[PROVIDED ENTRIES Boundary: Start]

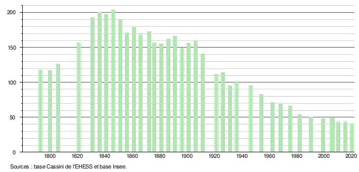 | L'évolution du nombre d'habitants est connue à travers les recensements de la population effectués dans la commune depuis 1793. Pour les communes de moins de 10 000 habitants, une enquête de recensement portant sur toute la population est réalisée tous les cinq ans, les populations légales des années intermédiaires étant quant à elles estimées par interpolation ou extrapolation[44]. Pour la commune, le premier recensement exhaustif entrant dans le cadre du nouveau dispositif a été réalisé en 2005[45]. En 2020, la commune comptait 41 habitants[Note 9], en diminution de 4,65 % par rapport à 2014 (Ariège : +1,38 %, France hors Mayotte : +1,84 %). |
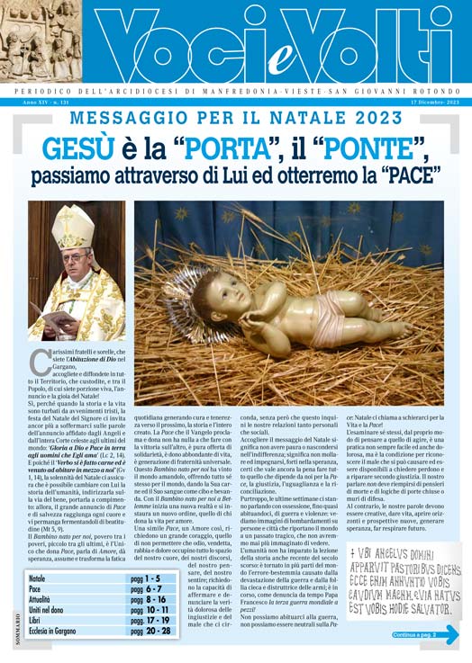 dioc. Manfredonia Anno XIV – n. 131 13 Dicembre 2023 0 37 https://vocievolti.blog/anno-xiv-n-131/ clic qui per l’articolo sul sito diocesano ARTICOLI CORRELATIALTRO DALL'AUTORE ORDINAZIONE DI DON MICHELE COPPOLECCHIA – Arcidiocesi di Manfredonia – Vieste – San Giovanni Rotondo ORDINAZIONE PRESBITERALE DI DON ELISEO COSTANTINO – Arcidiocesi di Manfredonia – Vieste – San Giovanni Rotondo GIORNATA MONDIALE DEI POVERI – 2025 – Arcidiocesi di Manfredonia – Vieste – San Giovanni Rotondo Un voto per costruire Speranza e Fraternità – Arcidiocesi di Manfredonia – Vieste – San Giovanni Rotondo Il valore dei settimanali cattolici e la forza del giornalismo di prossimità – Arcidiocesi di Manfredonia – Vieste – San Giovanni Rotondo
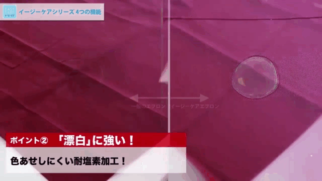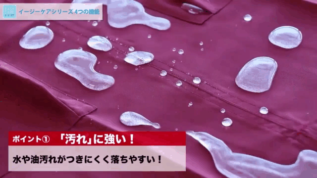 - イージーケア、耐塩素、耐久撥水・撥油・耐久防汚(リップガード)、制電
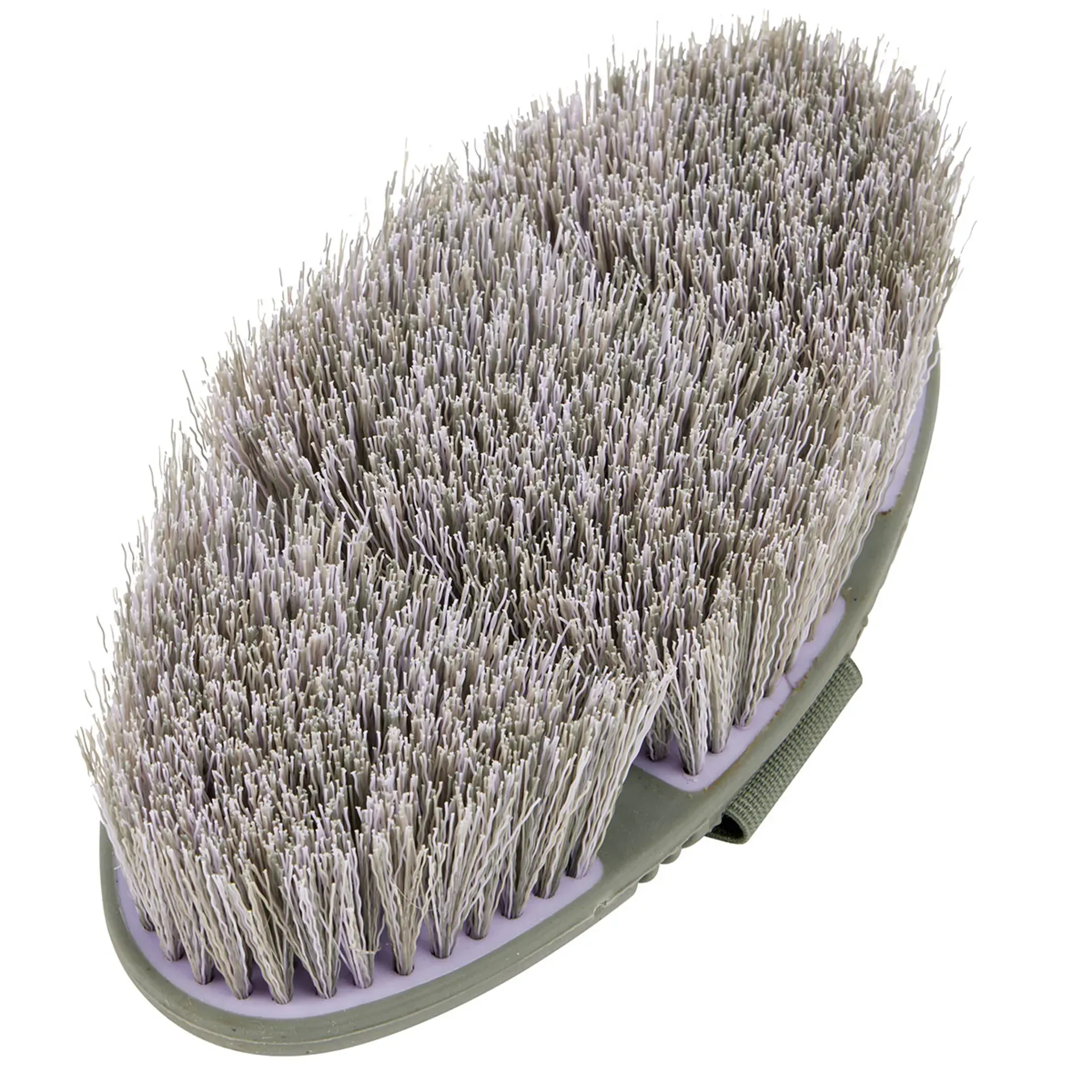 Its long, flicky bristles are perfect for sweeping away dust and dirt, while the flexi shape allows it to reach every contour of the horse’s body with ease. An elasticated webbing strap ensures a comfortable, secure hold.
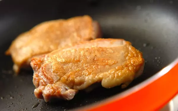 1、オリーブ油を中火で熱して、鶏もも肉を皮目を下にして5分焼く。裏返して、1分ほど焼いて白ワインを加える。蓋をして弱火で5分焼く。
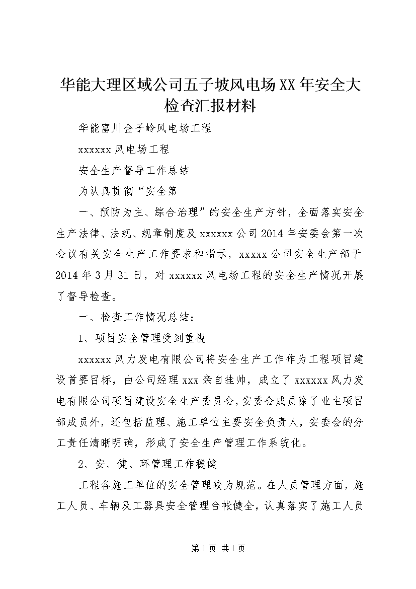 华能大理区域公司五子坡风电场XX年安全大检查汇报材料 (4)
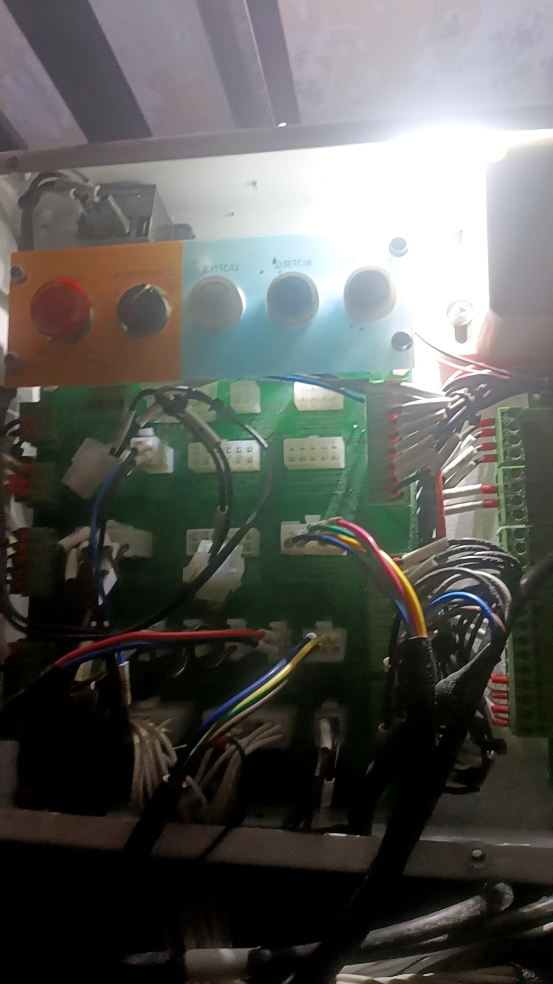 那个白色的电箱是轿顶箱,用来轿顶上面维修人员控制轿厢上下的,我先用来手动控制电梯了。由于很多传感器还没有安装,所以很多安全回路是短接的,相当于调试模式,否则电梯是不会动的。
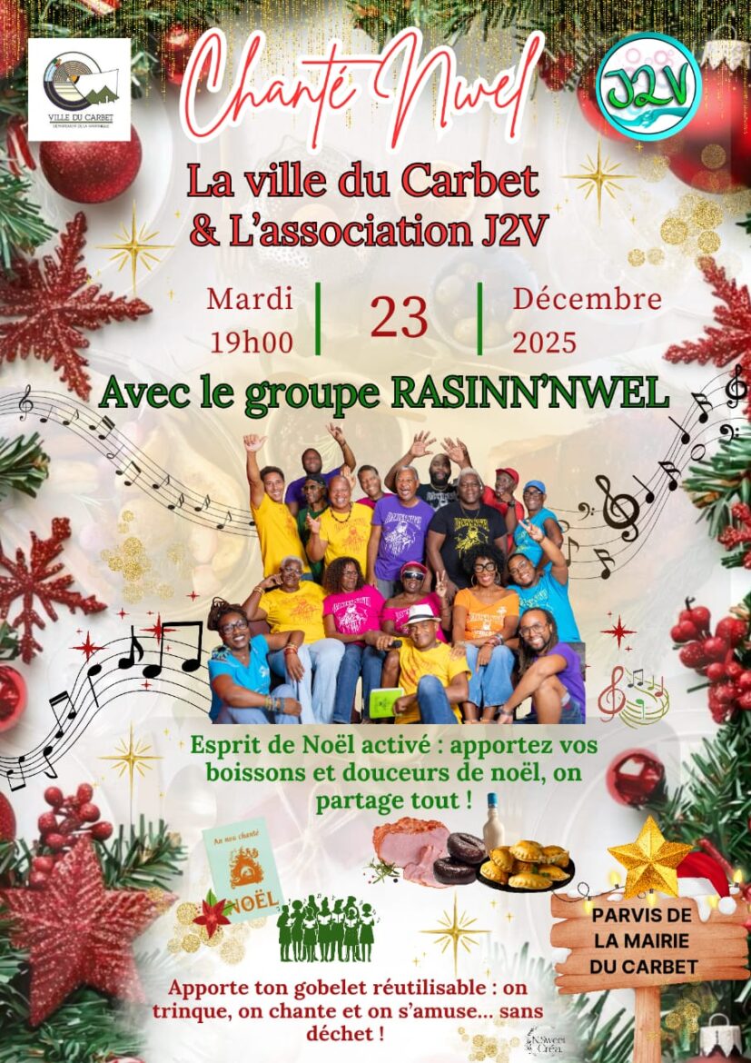 L'Association J2V et la Ville du Carbet vous invitent à leur Chanté Nwel avec le groupe Rasinn' Nwel mardi 23 décembre à partir de 20h Place Jules Grévy au Carbet...
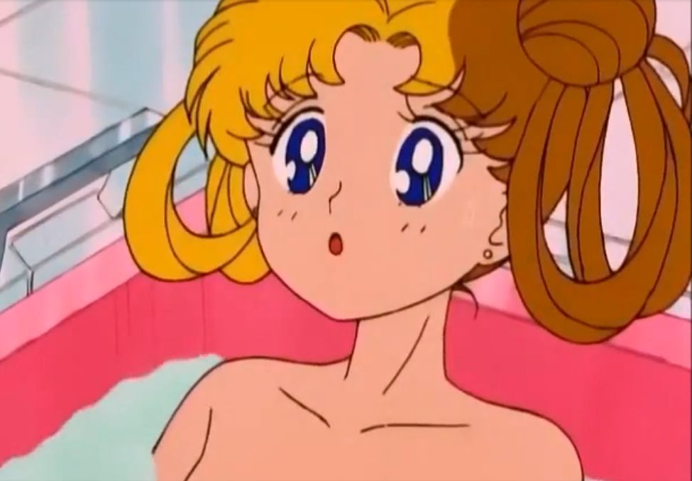 อุซางิม้วนผมขึ้นไปขณะแช่น้ำเพื่อกันผมเปียก
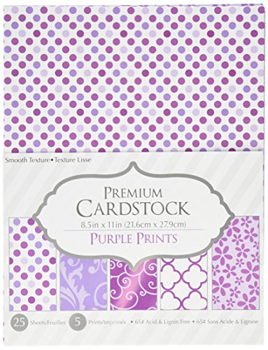 Darice Patterned 8.5 by 11 Cardstock Paper Pack, Purple Prints, 25 Piece
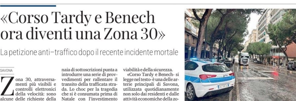 «Corso Tardy e Benech- si legge nel testo- è una delle arterie principali di Savona, utilizzata quotidianamente non solo dai residenti e dalle attività economiche della zona, ma anche da flussi consistenti di veicoli diretti o provenienti dall’area portuale. La conformazione della strada, la presenza di numerosi esercizi commerciali, fermate bus, attraversamenti pedonali e un forte traffico veicolare rendono il tratto particolarmente esposto a incidenti, come purtroppo dimostrato anche dall’incidente mortale che ha scosso l’intera comunità».
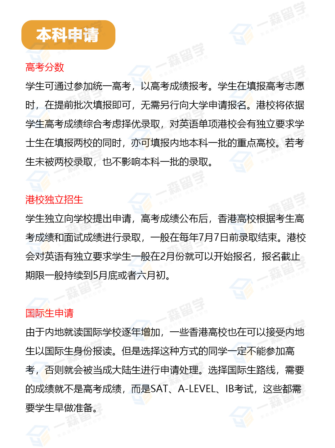 本科申请要求 高考分数 学生可通过参加统一高考,以高考成绩报考。学生在填报高考志愿时,在提前批次填报即可,无需另行向大学申请报名。港校将依据学生高考成绩综合考虑择优录取,对英语单项港校会有独立要求学士生在填报两校的同时,亦可填报内地本科一批的重点高校。若考生未被两校录取,也不影响本科一批的录取 港校独立招生 学生独立向学校提出申请,高考成绩公布后,香港高校根据考生高考成绩和面试成绩进行录取,一般在每年7月7日前录取结束。港校会对英语有独立要求学生一般在2月份就可以开始报名,报名截止期限一般持续到5月底或者六月初 国际生申请 由于内地就读国际学校逐年增加,一些香港高校也在可以接受内地生以国际生身份报读。但是选择这种方式的同学一定不能参加高考,否则就会被当成大陆生进行申请处理。选择国际生路线,需要的成绩就不是高考成绩,而是SAT、A-LEVEL、IB考试,这些都需要学生早做准备 研究生申请要求 学历要求 申请硕士学位或研究生文凭课程的申请人,应获得正规全日制4年本科的学士学位。 英语要求: 托福IBT:80或雅思总分6.0以上 申请材料 除了英语成绩,和GPA,还要一份Proposal,2份推荐信。主要还是得和导师取得联系,如果他同意要你,他会帮助你申请,比你自己直接申请成功率高的多
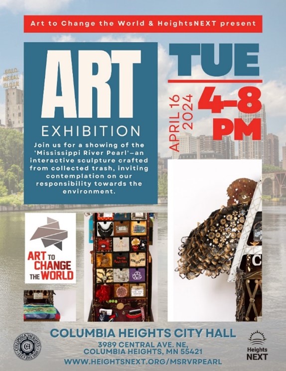 ACW Director Barbara Bridges will unveil the “Pearl” and recount the inspiring story of the ten individuals who dedicated two hours to collecting river debris and then dozens of hours creating to bring it to life. Additionally, she will engage attendees with an interactive activity. Columbia Heights resident Neil Granlund, a scientist, will join her, providing an engaging water-themed science experience. Barbara Bridges, Neil Granlund, and Mayor Amáda were integral members of the ten creators behind the “Pearl“.
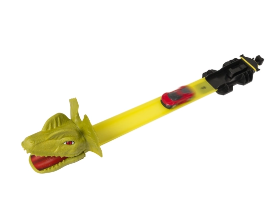 Ga op een adrenalinerit! De stijlvolle launcher schiet het autootje over de gele baan recht langs de dreigende dinosaurus. Dankzij de eenvoudige bediening is het spel meteen leuk en kunnen kinderen gemakkelijk testen wie de hindernis het snelst passeert.
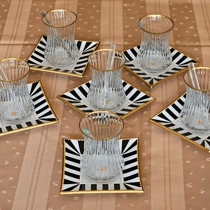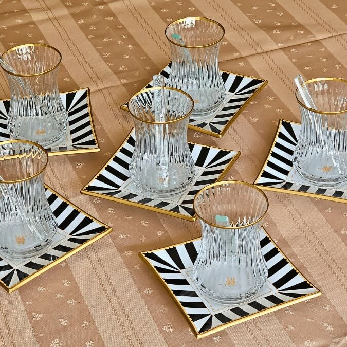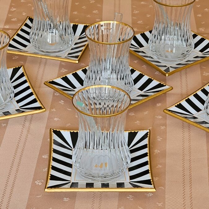 6 adet altın yaldızlı cam çay tabağı
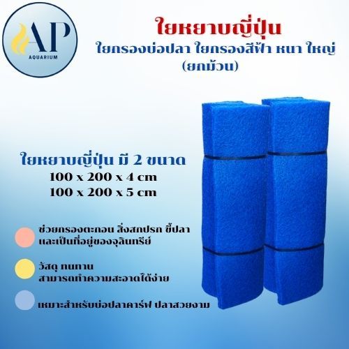 Filter Mat ใยหยาบญี่ปุ่นมาสครา อย่างหนา ใหญ่ ขายยกม้วน ใยกรองบ่อปลา ใยกรองสีฟ้า หนา 4/5 cm
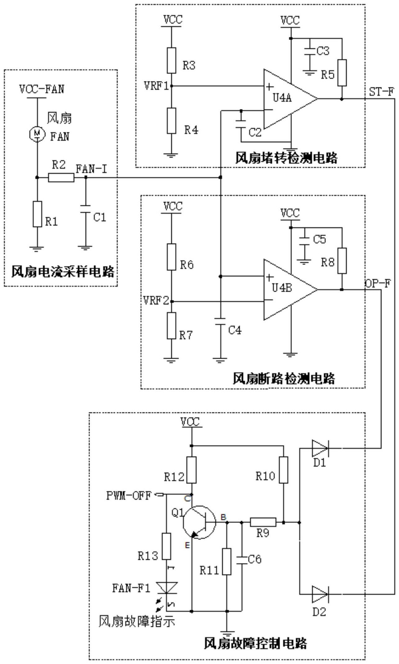 本实用新型涉及一种地铁直转交设备的风扇检测电路,包括电流采样电路、风扇堵转检测电路、风扇断路检测电路、风扇故障控制电路,所述电流采样电路的输出端连接所述风扇堵转检测电路的反相输入端和所述风扇断路检测电路的同相输入端,所述风扇堵转检测电路的同相输入端连接基准电压VREF1,所述风扇堵转检测电路的输出端连接所述风扇故障控制电路的输入端,所述风扇断路检测电路的反相输入端连接基准电压VREF2,所述风扇断路检测电路的输出端连接风扇故障控制电路的输入端,所述风扇故障控制电路的输出端分别控制风扇故障告警指示和直转交设备的PWM控制电路,结够简单,大大提高了地铁直转交设备的可靠运行。

[PROVIDED ENTRIES Boundary: End]

• TASK OBJECTIVE: In the listing above, find the line with "dioc. Manfredonia Anno" and the line with "那个白色的电箱是轿顶箱,用来". Copy exactly those lines and all between them, minus the images.

• RESULT FOR THIS EXERCISE:
 dioc. Manfredonia Anno XIV – n. 131 13 Dicembre 2023 0 37 https://vocievolti.blog/anno-xiv-n-131/ clic qui per l’articolo sul sito diocesano ARTICOLI CORRELATIALTRO DALL'AUTORE ORDINAZIONE DI DON MICHELE COPPOLECCHIA – Arcidiocesi di Manfredonia – Vieste – San Giovanni Rotondo ORDINAZIONE PRESBITERALE DI DON ELISEO COSTANTINO – Arcidiocesi di Manfredonia – Vieste – San Giovanni Rotondo GIORNATA MONDIALE DEI POVERI – 2025 – Arcidiocesi di Manfredonia – Vieste – San Giovanni Rotondo Un voto per costruire Speranza e Fraternità – Arcidiocesi di Manfredonia – Vieste – San Giovanni Rotondo Il valore dei settimanali cattolici e la forza del giornalismo di prossimità – Arcidiocesi di Manfredonia – Vieste – San Giovanni Rotondo
 - イージーケア、耐塩素、耐久撥水・撥油・耐久防汚(リップガード)、制電
 Its long, flicky bristles are perfect for sweeping away dust and dirt, while the flexi shape allows it to reach every contour of the horse’s body with ease. An elasticated webbing strap ensures a comfortable, secure hold.
 1、オリーブ油を中火で熱して、鶏もも肉を皮目を下にして5分焼く。裏返して、1分ほど焼いて白ワインを加える。蓋をして弱火で5分焼く。
 华能大理区域公司五子坡风电场XX年安全大检查汇报材料 (4)
 那个白色的电箱是轿顶箱,用来轿顶上面维修人员控制轿厢上下的,我先用来手动控制电梯了。由于很多传感器还没有安装,所以很多安全回路是短接的,相当于调试模式,否则电梯是不会动的。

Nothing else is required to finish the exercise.